Please output exactly the lines from the one that holds "The JSAUX 2" through the final line of the data, and nothing else; leave out any pictures.

> _EXTRACTED INFORMATION_:
--------------------------------------------------

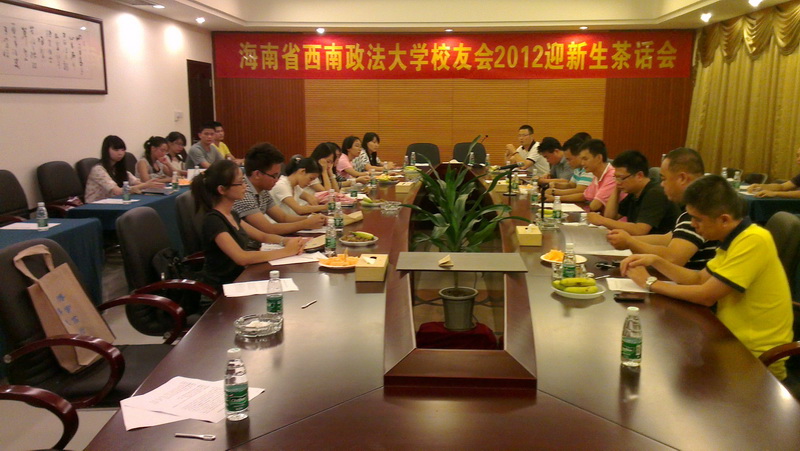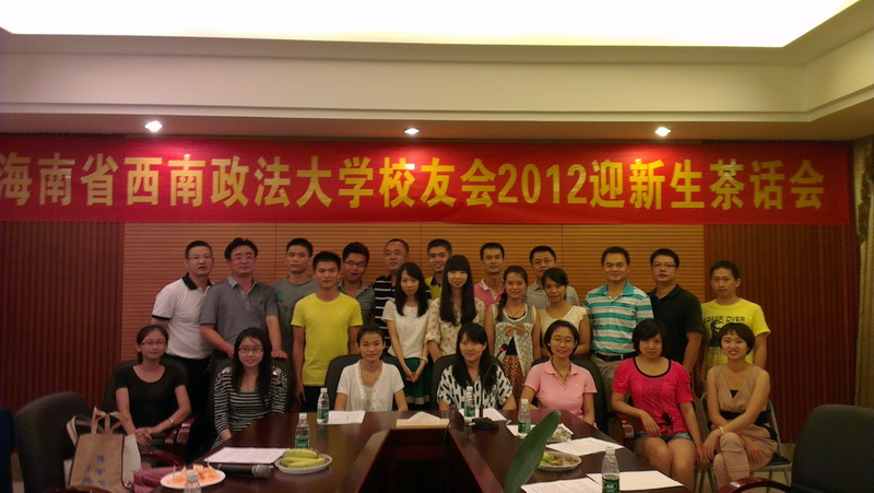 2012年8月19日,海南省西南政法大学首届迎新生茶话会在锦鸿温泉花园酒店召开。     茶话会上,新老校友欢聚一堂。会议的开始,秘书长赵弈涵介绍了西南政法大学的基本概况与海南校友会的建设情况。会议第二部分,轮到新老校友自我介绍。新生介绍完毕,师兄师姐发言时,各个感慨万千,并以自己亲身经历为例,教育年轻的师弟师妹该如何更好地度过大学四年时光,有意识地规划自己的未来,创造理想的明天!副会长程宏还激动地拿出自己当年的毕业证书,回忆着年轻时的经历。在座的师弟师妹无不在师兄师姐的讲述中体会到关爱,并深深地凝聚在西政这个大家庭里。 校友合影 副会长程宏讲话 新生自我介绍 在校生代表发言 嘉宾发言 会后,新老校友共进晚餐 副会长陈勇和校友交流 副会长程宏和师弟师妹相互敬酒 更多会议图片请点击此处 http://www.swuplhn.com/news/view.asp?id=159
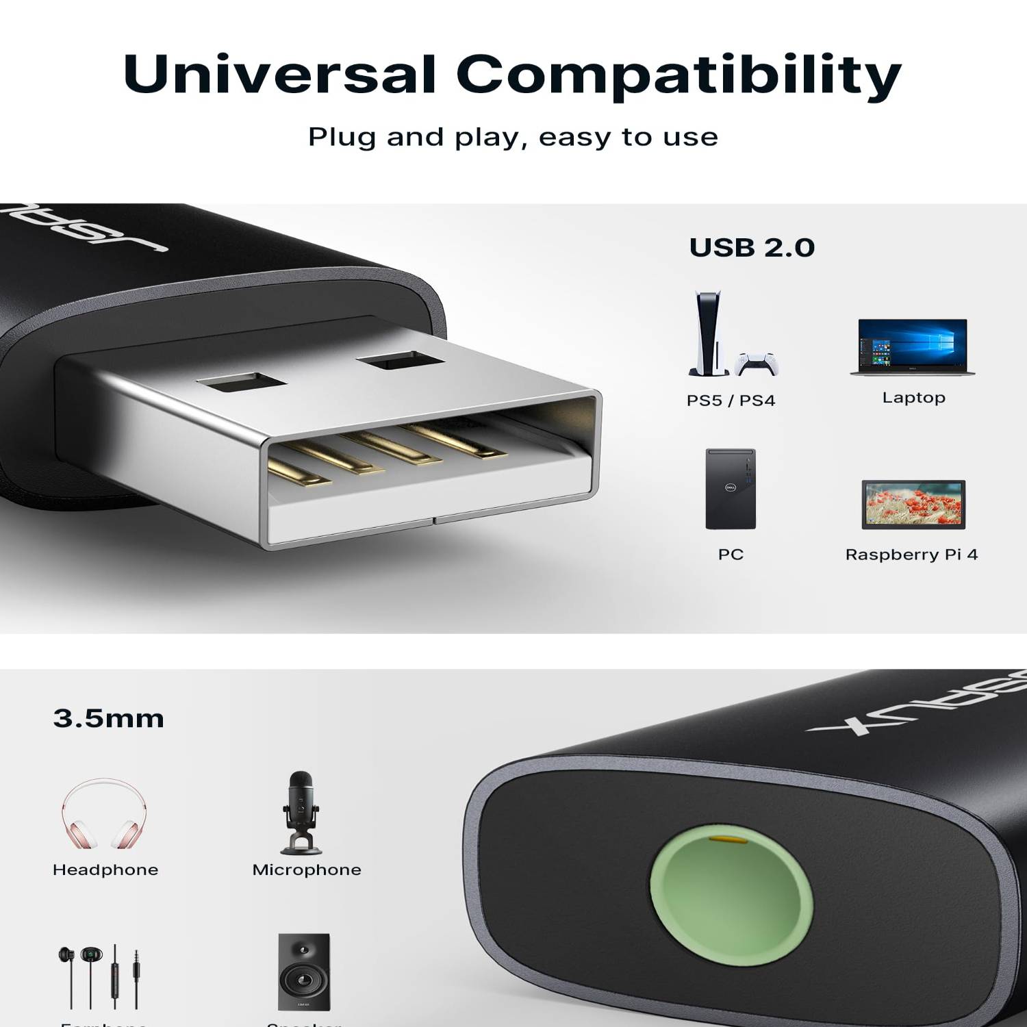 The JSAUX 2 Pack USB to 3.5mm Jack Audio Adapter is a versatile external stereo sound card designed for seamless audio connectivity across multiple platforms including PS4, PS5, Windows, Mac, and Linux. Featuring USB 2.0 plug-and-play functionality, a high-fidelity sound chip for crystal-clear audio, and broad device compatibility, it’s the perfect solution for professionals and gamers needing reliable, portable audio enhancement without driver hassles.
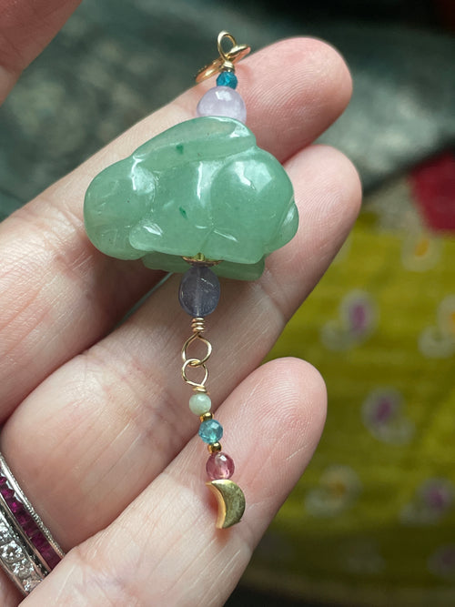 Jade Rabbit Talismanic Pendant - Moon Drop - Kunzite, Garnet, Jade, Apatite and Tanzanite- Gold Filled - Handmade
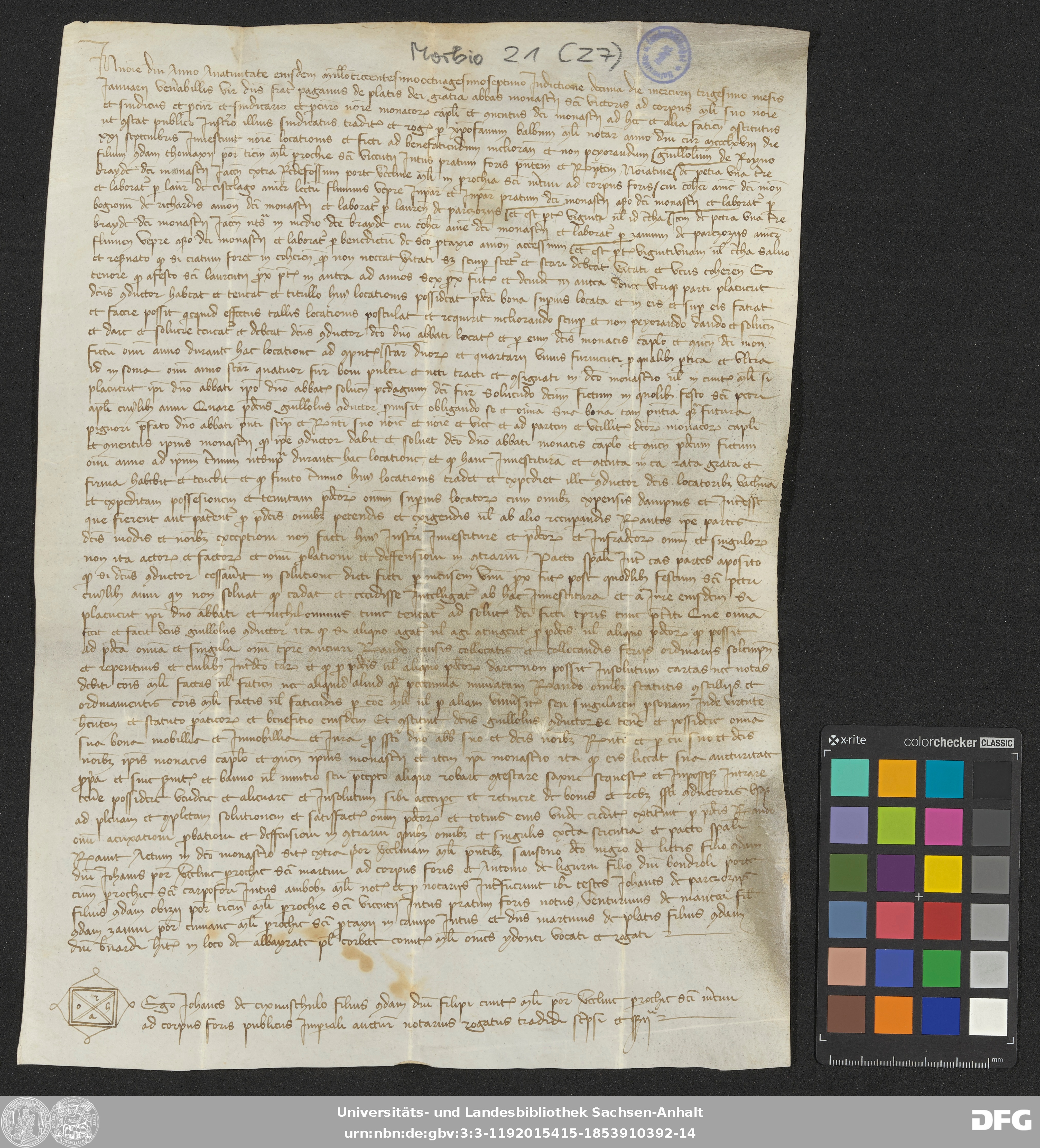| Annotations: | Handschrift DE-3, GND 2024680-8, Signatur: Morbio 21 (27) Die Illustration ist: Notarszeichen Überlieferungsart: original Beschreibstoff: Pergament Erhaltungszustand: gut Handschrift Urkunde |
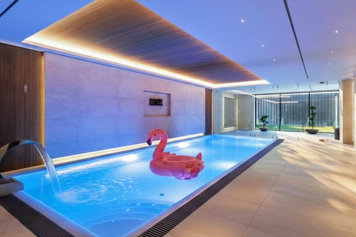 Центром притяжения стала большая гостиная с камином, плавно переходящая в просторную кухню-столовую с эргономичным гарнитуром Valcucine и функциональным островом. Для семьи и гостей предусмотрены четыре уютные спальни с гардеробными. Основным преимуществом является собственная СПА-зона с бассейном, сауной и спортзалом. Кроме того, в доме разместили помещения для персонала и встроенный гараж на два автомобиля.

--------------------------------------------------

> _SOLUTION TO THE PROBLEM_:
 The JSAUX 2 Pack USB to 3.5mm Jack Audio Adapter is a versatile external stereo sound card designed for seamless audio connectivity across multiple platforms including PS4, PS5, Windows, Mac, and Linux. Featuring USB 2.0 plug-and-play functionality, a high-fidelity sound chip for crystal-clear audio, and broad device compatibility, it’s the perfect solution for professionals and gamers needing reliable, portable audio enhancement without driver hassles.
 Jade Rabbit Talismanic Pendant - Moon Drop - Kunzite, Garnet, Jade, Apatite and Tanzanite- Gold Filled - Handmade
| Annotations: | Handschrift DE-3, GND 2024680-8, Signatur: Morbio 21 (27) Die Illustration ist: Notarszeichen Überlieferungsart: original Beschreibstoff: Pergament Erhaltungszustand: gut Handschrift Urkunde |
 Центром притяжения стала большая гостиная с камином, плавно переходящая в просторную кухню-столовую с эргономичным гарнитуром Valcucine и функциональным островом. Для семьи и гостей предусмотрены четыре уютные спальни с гардеробными. Основным преимуществом является собственная СПА-зона с бассейном, сауной и спортзалом. Кроме того, в доме разместили помещения для персонала и встроенный гараж на два автомобиля.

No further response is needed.